Legendary singer Aretha Franklin, who earned the title of “The Queen of Soul” over a decades long career, has died in Detroit at the age of 76.
Franklin has been in hospice care at her home in recent days, reportedly battling pancreatic cancer.
Her publicist made the announcement this morning.
In 2005, George W. Bush awarded her the Presidential Medal of Freedom, the nation’s highest civilian honor.
Her appearance in the film “The Blues Brothers” was a classic scene.
She is both a 20th and 21st century musical and cultural icon known the world over simply by her first name: Aretha. The reigning and undisputed “Queen Of Soul” has created an amazing legacy that spans an incredible six decades, from her first recording as a teenage gospel star, to her most recent RCA Records release, ARETHA FRANKLIN SINGS THE GREAT DIVA CLASSICS.

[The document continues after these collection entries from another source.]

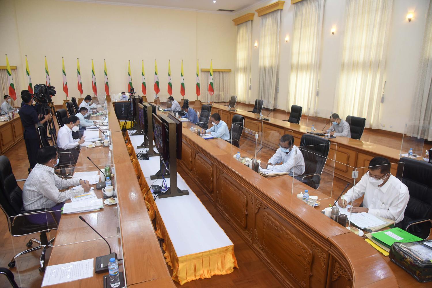 ယင်းနောက် နိုင်ငံတော်စီမံအုပ်ချုပ်ရေးကောင်စီဒုတိယဥက္ကဋ္ဌ ကောင်စီအဖွဲ့ဝင်များ၊ ပြည်ထောင်စုဝန်ကြီးများ၊ တပ်မတော်အရာရှိကြီးများနှင့် တက်ရောက်လာကြသူများ က ကမ္ဘာလုံးဆိုင်ရာ ကိုဗစ်-၁၉ ရောဂါကူးစက်ပြန့်ပွားမှုအခြေအနေများနှင့် မြန်မာ နိုင်ငံအတွင်း ကူးစက်ပြန့်ပွားမှုအခြေအနေ၊ Test Center များ တိုးချဲ့ဖွင့်လှစ်၍ ယနေ့မှစတင်ကာ လူစုလူဝေးဖြစ်ပွားမှုမရှိစေရေး စနစ်တကျ ကြပ်မတ်၍ စစ်ဆေး ဆောင်ရွက်ပေးသွားမည့် အခြေအနေ၊ ထွက်ပေါ်လာသည့် စစ်ဆေးချက်အဖြေများ အပေါ်မူတည်၍ သက်ဆိုင်ရာ Center အသီးသီးသို့ လူနာတင် ယာဉ်များနှင့် ပို့ဆောင် နိုင်ရေးစီမံဆောင်ရွက်ထားရှိမှု အခြေအနေ၊ စစ်ဆေးမှုများ ပိုမိုပြုလုပ်နိုင်ခြင်းကြောင့် အတည်ပြုလူနာများ ပိုမိုများပြားလာနိုင်ပြီး ၎င်းတို့အား ထားရှိရန်အတွက် Centerများ တိုးချဲ့တည်ဆောက်ခြင်း၊ အောက်ဆီဂျင် လိုအပ် ချက်ဖြစ်ပေါ်မှုမရှိစေရေး အတွက် ဆောက်ရွက်လျက်ရှိသည့်အခြေအနေ၊ ရောက်ရှိလာသည့်ကာကွယ်ဆေး များကို ယနေ့တွင် စတင်ထိုးနှံပေးနေမှု အခြေအနေနှင့် တိုင်းဒေသကြီးနှင့် ပြည်နယ်အသီးသီး သို့ မော်တော်ယာဉ်၊ ရဟတ်ယာဉ်၊ လေယာဉ်များဖြင့် ပို့ဆောင်နိုင်ရေး ဆောင်ရွက်ထားရှိသည့် အခြေအနေ၊ ကာကွယ်ဆေး ထိုးနှံရေးအတွက် နယ်ပယ် ၁၂ ခု သတ်မှတ်ထားပြီး နယ်ပယ်များအလိုက် ဦးစားပေး ထိုးနှံနိုင်ရေး ဆောင်ရွက်ထားရှိသည့်အခြေအနေ၊ ကာကွယ်ဆေး ထိုးနှံရန်အတွက် SOP များ ရေးဆွဲ၍ စနစ်တကျထိုးနှံရေး၊ မှတ်တမ်းတင်ရေး ဆောင်ရွက်ထားရှိသည့် အခြေအနေ၊ ကိုဗစ်- ၁၉ ရောဂါ ကာကွယ်၊ ထိန်းချုပ်၊ ကုသရေးအတွက် ဆေးဝါးများ၊ အောက်ဆီဂျင်များနှင့် အထောက်အကူပြုဆေးပစ္စည်းများကို အဆင်ပြေ ချောမွေ့စွာ တင်သွင်းနိုင်ရေးအတွက် ဆောင်ရွက်ထားရှိသည့် အခြေအနေ၊ ဆက်လက်၍ ကုန်းကြောင်း၊ ရေကြောင်း၊ လေကြောင်းမှတစ်ဆင့် ထပ်မံဝင်ရောက်လာမည့် အခြေ အနေ၊ အများပြည်သူ ရုံးပိတ်ရက်ကာလအတွင်း ဘဏ်များ ဖွင့်လှစ်၍ ပင်စင်လစာ နှင့် လစာငွေများ လွယ်ကူချောမွေ့စွာထုတ်ပေးနိုင်ရေး ဆောင်ရွက်ပေးနေသည့် အခြေ အနေ၊ ယနေ့မှစ၍ Stock Exchange ရောင်းချမှုအား Online မှတစ်ဆင့် ဆောင်ရွက် နေသည့် အခြေအနေ၊ ပြည်သူလူထုအား ကိုဗစ်-၁၉ ရောဂါဖြစ်ပွားမှုနှင့် ပတ်သက်၍ သတင်းများထုတ်လွှင့်မှု၊ အသိပညာပေးအစီအစဉ်များကို တိုင်းရင်းသား ဘာသာများ ဖြင့်ပါ ကျယ်ပြန့်စွာဆောင်ရွက်နေမှုအခြေအနေ၊ ဆိပ်ကမ်းအသီးသီးတွင် ထုတ်ယူရန် ကျန်ရှိသည့် ဆေးဝါး များနှင့်ပတ်သက်၍ အမြန်ဆုံးလာရောက် ထုတ်ယူ၍ ပြည်သူလူထု အတွင်းသို့ ဈေးနှုန်းသက်သာစွာဖြင့် ဖြန့်ဝေပေးနိုင်ရေး ဆောင်ရွက်သွားမည့်အခြေ အနေများကို အကျယ်တဝင့် ရှင်းလင်းတင်ပြကြသည်။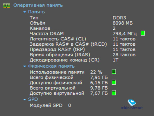 Как уже было ранее сказано, аппарат оснащен чипом и антенной NFC. За время тестирования никаких сбоев не наблюдалось: интернет по Wi-Fi стабильно «доходил» до планшета, а мышка по Bluetooth функционировала без проблем. ПамятьВ нашей модели используется 8 ГБ оперативной памяти DDR3 (двухканальная, 1600 МГц). Система выставляет 7.4 балла.
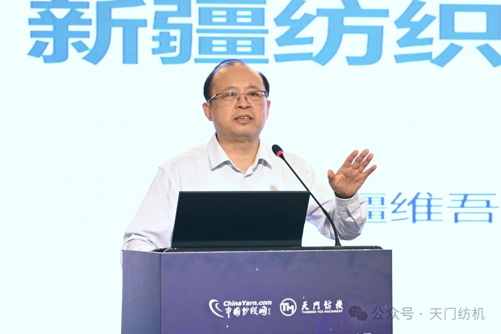 全國政協(xié)委員、新疆維吾爾自治區(qū)棉花產(chǎn)業(yè)發(fā)展領(lǐng)導(dǎo)小組辦公室主任梁勇對(duì)會(huì)議表示了祝賀,并在《新疆紡織服裝產(chǎn)業(yè)最新政策解讀》報(bào)告中闡述了“新九條”優(yōu)惠政策的設(shè)計(jì)思路與依據(jù),明確了行業(yè)發(fā)展戰(zhàn)略。他指出,新疆發(fā)展紡織產(chǎn)業(yè)具備眾多優(yōu)勢(shì),是大勢(shì)所趨。他強(qiáng)調(diào),當(dāng)前新疆紡織正處于加速增長階段,市場(chǎng)競(jìng)爭(zhēng)也會(huì)更加激烈,但是,一定要理性對(duì)待競(jìng)爭(zhēng),堅(jiān)決抵制“內(nèi)卷”。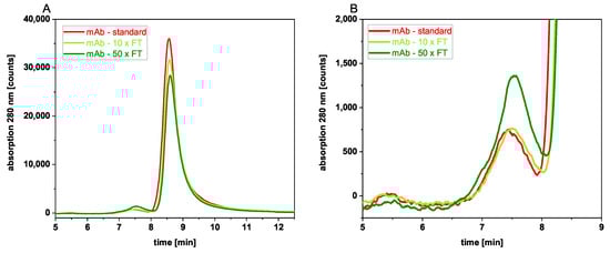 The SEC-HPLC column efficiently separated the aggregate and the monomer peak (Figure 4). A distinct monomer peak can be observed after 8.5 min of retention. The aggregates leave the column beforehand at 7.5 min. The percentage of the aggregate peak to the total peak area was 2.17% (Table 1). Comparing the chromatograms of the different freeze–thawed samples, a shift from the mAb peak to the aggregate peak can be observed (Figure 4). An increasing number of cycles leads to a greater amount of aggregates. For 50 cycles of freeze–thawing, the peak area percentage of aggregates more than doubled up to 5.51%.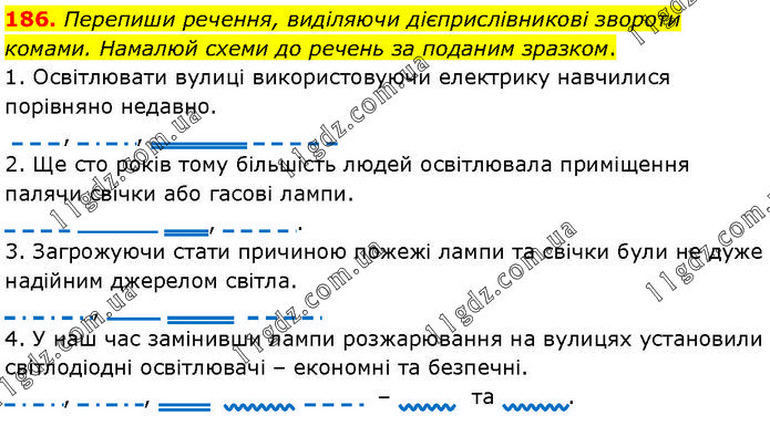 186. Перепиши речення, виділяючи дієприслівникові звороти комами. Намалюй схеми до речень за поданим зразком. 1. Освітлювати вулиці використовуючи електрику навчилися порівняно недавно. , , 2. Ще сто років тому більшість людей освітлювала приміщення палячи свічки або гасові лампи. ______ , . 3. Загрожуючи стати причиною пожежі лампи та свічки були не дуже надійним джерелом світла. , ____ 4. У наш час замінивши лампи розжарювання на вулицях установили світлодіодні освітлювачі – економні та безпечні. , , – та .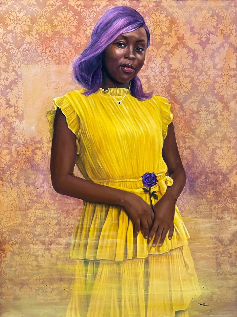 Afolayan Emmanuel, a renowned Nigerian visual artist, has carved a unique path in the world of fine arts. Based in the vibrant city of Lagos, Emmanuel's artistic journey has been nothing short of remarkable. His artistry, deeply rooted in his lived experiences and mentorship, has earned him a special place in the hearts of art enthusiasts. Emmanuel's passion for art was ignited during his formative years, and he decided to further nurture this passion through formal education. He pursued his studies in fine and applied arts at the prestigious Obafemi Awolowo University, where he honed his skills and developed a deep understanding of the nuances of the art world. Through his evocative and thought-provoking art, Afolayan Emmanuel has emerged as a leading figure in the contemporary Nigerian art scene. His work has been exhibited in galleries, both locally and internationally, and collectors from around the world eagerly seek his creations. As he continues to grow and evolve as an artist, Emmanuel's contributions to the world of visual art remain invaluable, leaving an indelible mark on the cultural landscape of Nigeria and beyond. Afolayan Emmanuel's preferred medium of expression is oil paint, and it is through this medium that he weaves his vivid tales on canvas. His art is a reflection of his own life experiences, rendered in exquisite detail, and an exploration of the human condition. Emmanuel's works often use poses and introspective gazes to address profound themes, including self-love, contentment, and selfesteem. His paintings are not merely images on a canvas but windows into the soul, inviting viewers to contemplate the complexities of human emotions.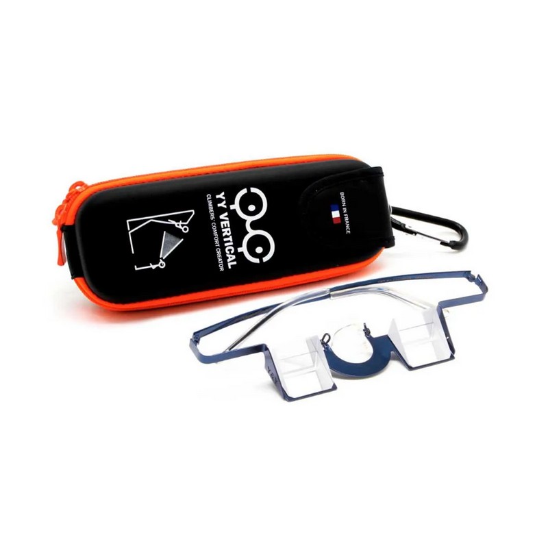 Gafas con prismas que permiten asegurar al compañero(a) sin levantar la cabeza mientras está escalando. Con Y&Y, se asegura con más concentración y seguridad: siempre se ve al escalador y no es necesario descansar por demasiadas tensiones en el cuello.
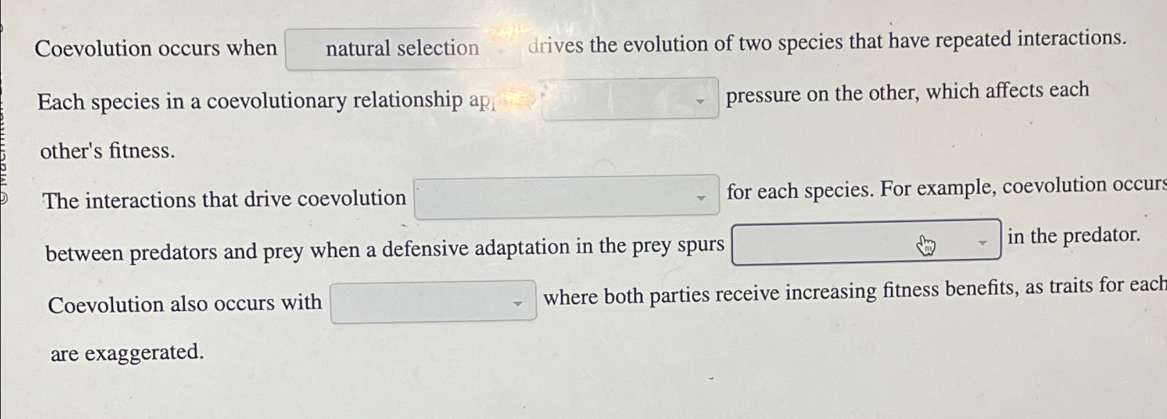 Solved Coevolution occurs when natural selection drives the | Chegg.com

Her many countless classics include “(You Make Me Feel Like) A Natural Woman,” “Chain Of Fools,” “I Never Loved A Man (The Way I Love You)”; her own compositions “Think,” “Daydreaming” and “Call Me”; her definitive versions of “Respect” and “I Say A Little Prayer”; and global hits like “Freeway Of Love,” “Jump To It,” “I Knew You Were Waiting (For Me),” her worldwide chart-topping duet with George Michael, and “A Rose Is Still A Rose.”
The recipient of the U.S.A.’s highest civilian honor, The Presidential Medal Of Freedom, an eighteen (and counting) GRAMMY Award winner – the most recent of which was for Best Gospel Performance for “Never Gonna Break My Faith” with Mary J. Blige in 2008 – a GRAMMY Lifetime Achievement and GRAMMY Living Legend awardee, Aretha Franklin’s powerful, distinctive gospel-honed vocal style has influenced countless singers across multi-generations, justifiably earning her Rolling Stone magazine’s No. 1 placing on the list of “The Greatest Singers Of All Time.”
Our thoughts and prayers are with the family and friends of Aretha Franklin.